Every major computer manufacture (Dell, HP, IBM, etc) offers rackmount server boxes, and there are also many smaller companies that specialize in server boxes with their own brands and SuperMicro components. Typically, you may want to pick a 1U head node, one or multiple 2U compute node box (that houses 4-socket nodes), and one 4U storage node.

For a typical low-cost cluster, you can pick a compute node that contains two 12/8/6-core Intel/AMD server CPUs, 2GB or 4GB server memory per CPU core, and 1TB hard drive per node. Examples are IBM DX360 M3 and Dell PowerEdge R820. For head node, it can be a simple 1U lower-end machine, since its main purpose is not to execute jobs but to handle user log in and job submission. For storage node, its main purpose is to store files with many hard enterprise-level hard drives, and typical set up are 12 drives (for 2U servers) or 36 drivers (for 4U servers). The network switch should be gigabit ethernet switch, and typical set up can be 12-port, 24-port or 48-port, depending no how many compute node you may want to have in the cluster.

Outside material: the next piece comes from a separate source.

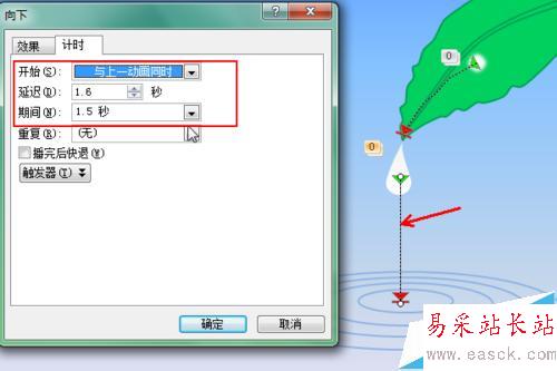 7、還是選中葉尖的露珠,添加向下的路徑效果,點擊“計時”,設置為“與上一動畫同時”,延遲1.6秒,期間1.5秒,點擊“效果”,平滑開始設置為0.6秒,設置“播放動畫后隱藏”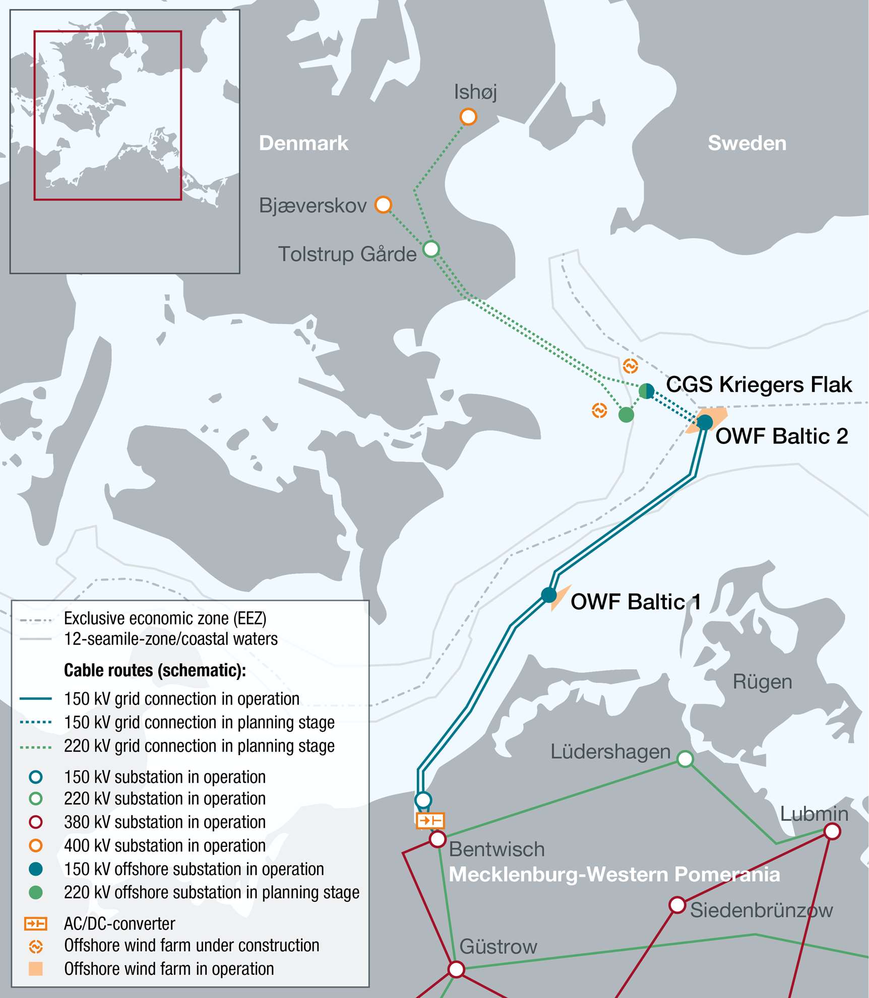 The two transmission system operators are planning a HVAC cable between offshore substations located at the two offshore wind farms, the 600MW Kriegers Flak in Danish waters,  and the 288MW Baltic 2 in German waters of the Baltic Sea. The planned cable route is approximately 25 kilometres long.

As mentioned above, for my own cluster, I also set up a second network using 40Gbps infinibnd connection. The reason is that for genomics applications, gigabit ethernet connection has a maximum speed of ~120MB/second for file transmission, and it may be too slow for data analysis (especially considering that multiple users or multiple jobs may be using the same cluster at the same time). With infiniband and a typical storage box, the file reading/writing rate can easily reach >800MB/second, which is limited by hard drive array itself, not the infiniband. Infiniband also allows fast MPI computation. Typical infiniband switch and adapter providers include Menllanox and Intel (which purchased Qlogic infiniband), and I have used both. However, 40Gbps/100Gbpx ethernet cards are gaining more and more popularity nowadays and you may consider using them as well.

I built biocluster in 2010, using mostly IBM DX360 M3 as compute nodes, a SuperMicro storage server with with 36 drives as storage node, which was connected to a 45-drive JBOD (Just a Box of Drives, which expands the storage capacity). In addition, about half of the machines are plugged into a 4U Dell 354P 4200 Watt UPS, so that these machines can continue work with unintended power interruption. For complicated reasons, these IBM boxes are not high-density ones that I would have hoped for, so I can only fit two compute nodes per 2U space. I used one HP J9660A 48-port ethernet switch and another HP 1810G 24-port ethernet switch to connect all nodes together. For IB network, I used one QLogic 12300 36-port managed switch and one Mellanox IS5025 36-port unmanaged switch to connect all nodes together. Each node is equipped with a Mellanox MHQH19BXTR ConnectX2 VPI InfiniBand 40Gbps PCIE Network Card, and they are connected to the switch by Copper QSFP to QSFP 30 AWG passive QDR-QDR cable. Finally, these machines were housed in a Dell 4820 48U Rack, even though they were designed for a completely different IBM iDataPlex half-depth rack, so it has been difficult to set up the cabling well enough. Despite the ugly appearance (see below), these machines have worked well so far after so many years.

biocluster

A second cluster that I helped build quite a while ago include Dell c1100 as head node, many Dell C6100 as compute nodes, Dell C2100 as storage node, plus an external JBOD. The components are connected by Netgear gigabit ethernet switch and Mellanox 56Gbps infiniband switch.